Tobacco History:
The Social History of Smoking
by George Latimer Apperson
First published in 1914
"The Social History of Smoking" by George Latimer Apperson, can be purchased at Amazon.com in two different versions. Depending on the quality of the edition, prices range between $35 and $104.
From Chapter 4: It is somewhat singular that the Puritans, who denounced most amusements and pleasures, and who frowned upon most of the occupations or diversions that make for gaiety and the enjoyment of life, did not, as Puritans, denounce the use of tobacco. One or two of their writers abused it roundly; but these were not representative of Puritan feeling on the subject. The explanation doubtless is that the practice of smoking was so very general and so much a matter of course among men of all ranks and of all opinions, that the mouths of Puritans were closed, so to speak, by their own pipes. A precisian, however, could take his tobacco with a difference. The seventeenth-century diarist, Abraham de la Pryme, says that he had heard of a Presbyterian minister who was so precise that "he would not as much as take a pipe of tobacco before that he had first sayed grace over it." George Wither, one of the most noteworthy of the poets who took the side of the Parliament, was confined in Newgate after the Restoration, and found comfort in his pipe.

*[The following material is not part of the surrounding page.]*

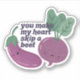 An eggplant confessing to a beetroot: You make my heart skip a beet, A punny Valentine's Day confession.

From Chapter 7: The antiquary Hearne has left on record an account of a curious smoking match held at Oxford in 1723. It began at two o'clock in the afternoon of September 4 on a scaffold specially erected for the purpose "over against the Theatre in Oxford ... just at Finmore's, an alehouse." The conditions were that any one (man or woman) who could smoke out three ounces of tobacco first, without drinking or going off the stage, should have 12 s. "Many tryed," continues Hearne, "and 'twas thought that a journeyman taylour of St. Peter's in the East would have been victor, he smoking faster than, and being many pipes before, the rest: but at last he was so sick, that 'twas thought he would have dyed; and an old man, that had been a souldier, and smoaked gently, came off conqueror, smoaking the three ounces quite out, and he told one (from whom I had it) that, after it, he smoaked 4 or 5 pipes the same evening." The old soldier was a well-seasoned veteran.